Для ферментации применяли мелассную среду состава, г/дм³:
Меласса 260,0
Карбонат натрия 0,35
Гексацианоферроат калия, гидрат 0,610
Оксалат аммония, гидрат 4,6
Дигидроортофосфат калия 0,16
Сульфат цинка, гидрат 0,01
Вода водопроводная остальное до 1 дм³
pH 6,8.

Длительность ферментации 5 сут. Испытания показали, что на концентрированных по сахару мелассных средах с содержанием сахара 130 г/дм³ селекционированный штамм образует на 11,4% больше лимонной кислоты, чем известный штамм F-326 (табл. 3). При этом выход кислоты от сахара увеличивается на 6,1%
Пример 4. Выращивание посевного мицелия нового штамма и синтез лимонной кислоты осуществляли глубинным способом в производственных условиях по применению на Санкт-Петербургском заводе технологии. Контролем служил производственный штамм F-326.

На приготовление конидиальной суспензии, выращивание посевного мицелия, ферментацию и подписку культур обоих штаммов использовали мелассный раствора одного и того же состава. Посевной мицелий выращивали в посевных ферментаторах емкостью 5 м³. Объем мелассной среды 3 м³. Содержание сахара в ней 30 г/дм³. Через 24 ч выращенный мицелий переводили в ферментатор емкостью 50 м³, содержащий 27 м³ мелассного раствора с концентрацией сахара 30 г/дм³. Через 24 ч ферментации начинали подпитку гриба путем доливов мелассного раствора, содержащего 225 г/дм³ сахара, по 1 м³ через каждые 1,5 ч.

На четвертые и пятые сутки ферментации проводили отъем сферментированного раствора в количестве 5 м³. После чего в ферментатор вливали 2 м³ воды и 5 м³ мелассного раствора с концентрацией по сахару 225 г/дм³. Длительность процесса в опытных циклах составила в среднем 6,72 сут, в контрольных 6,69 сут.

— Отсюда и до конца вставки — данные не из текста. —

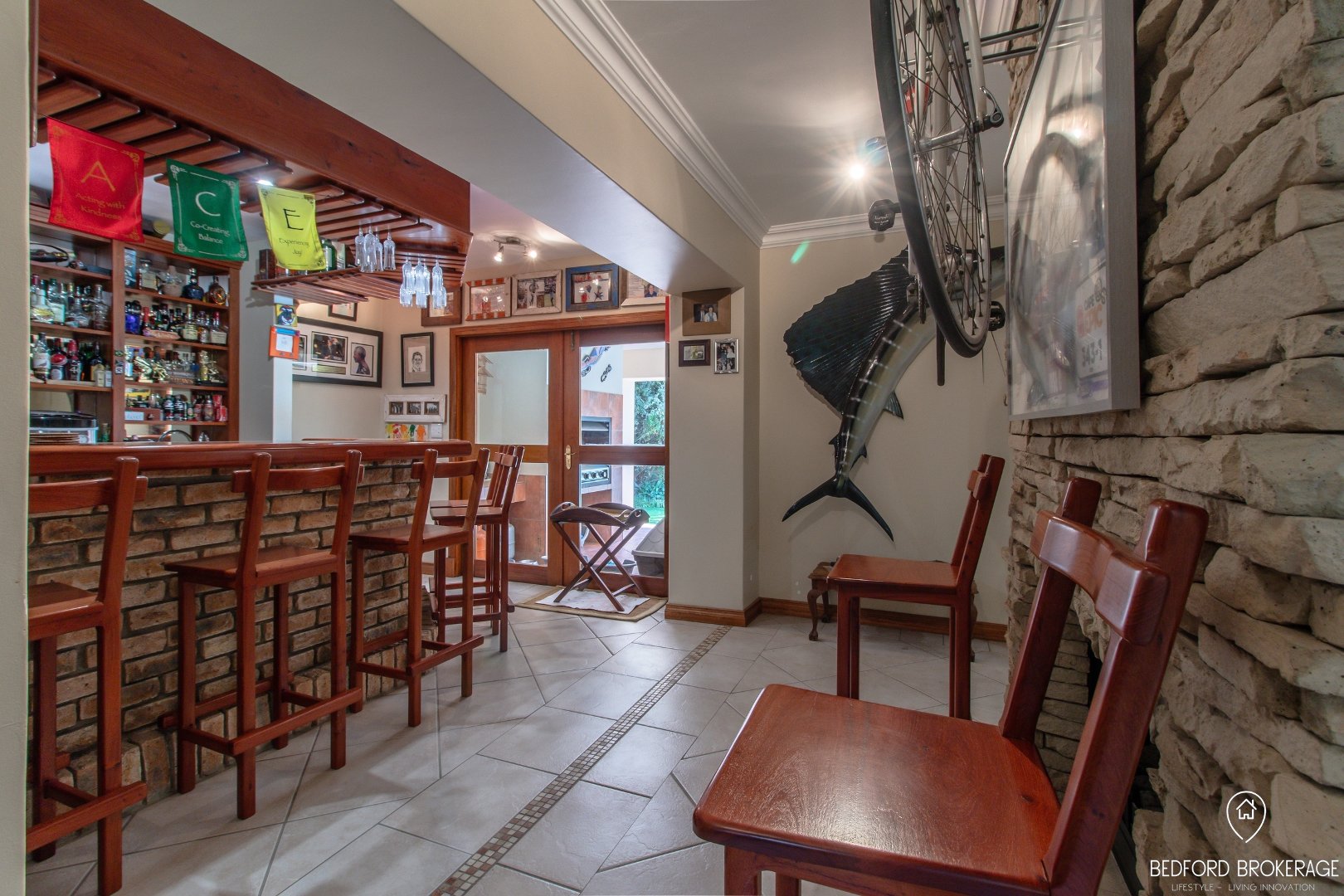 The double-volume dining room is filled with natural light and sets the tone for the rest of the home. It leads into an inviting lounge with a gas fireplace and a fitted bar that opens onto a generous covered patio. The built-in gas braai, sparkling pool and manicured garden create an enviable outdoor entertainment space that works beautifully for both quiet weekends and large gatherings.

В условиях производства у селекционированного штамма массовая доля лимонной кислоты в составе синтезируемых кислот в среднем из трех опытов достигала 90,9% масса лимонной кислоты с 1 м³ ферментатора в сутки - 10,93 кг, удельный расход 46%-ной по сахару мелассы на 1 т лимонной кислоты - 2412 кг, выход кислоты от сахара 90,13% (табл. 4). У промышленного штамма F-326 массовая доля лимонной кислоты в составе синтезируемых кислот в среднем из трех опытов составляла 89,7% продуктивность по массе лимонной кислоты с 1 м³ в сутки 10,21 кг,удельный расход 46%-ной мелассы на 1 т лимонной кислоты 2821 кг, выход лимонной кислоты от сахара 77,05%
Таким образом, новый селекционированный штамм в условиях производства образует на 7,0% больше лимонной кислоты с 1 м³ в сутки и дает экономию мелассы на 14,5 по сравнению с производственным штаммом F-326.

Следовательно, штамм F-678 обладает рядом приемуществ: более высокая продуктивность по лимонной кислоте и высокий выход ее от сахара до 90% и более обуславливает снижение основного расхода сырья и вспомогательных материалов; высокая энергия прорастания конидий позволяет снизить опасность вторичного инфициирования в период ферментации; большая технологичность нового штамма дает возможность увеличить конкурентноспособность его на мировом рынке.

Экономический эффект от использования штамма F-678 в производстве лимонной кислоты составит 10355 руб на 1 т лимонной кислоты (цены 1993 г).

Использование: биотехнология, получение лимонной кислоты. Сущность изобретения: новый штамм-продуцент лимонной кислоты Aspergillus niger ВКПМ F-678, полученный из ранее применяемого штамма Aspergillus niger Л-1 методом ступенчатой селекции. При промышленном культивировании данного штамма конверсия сахара в лимонную кислоту достигает 90,1%. 4 табл.

Штамм гриба Aspergillus niger ВКПМ F-678 продуцент лимонной кислоты.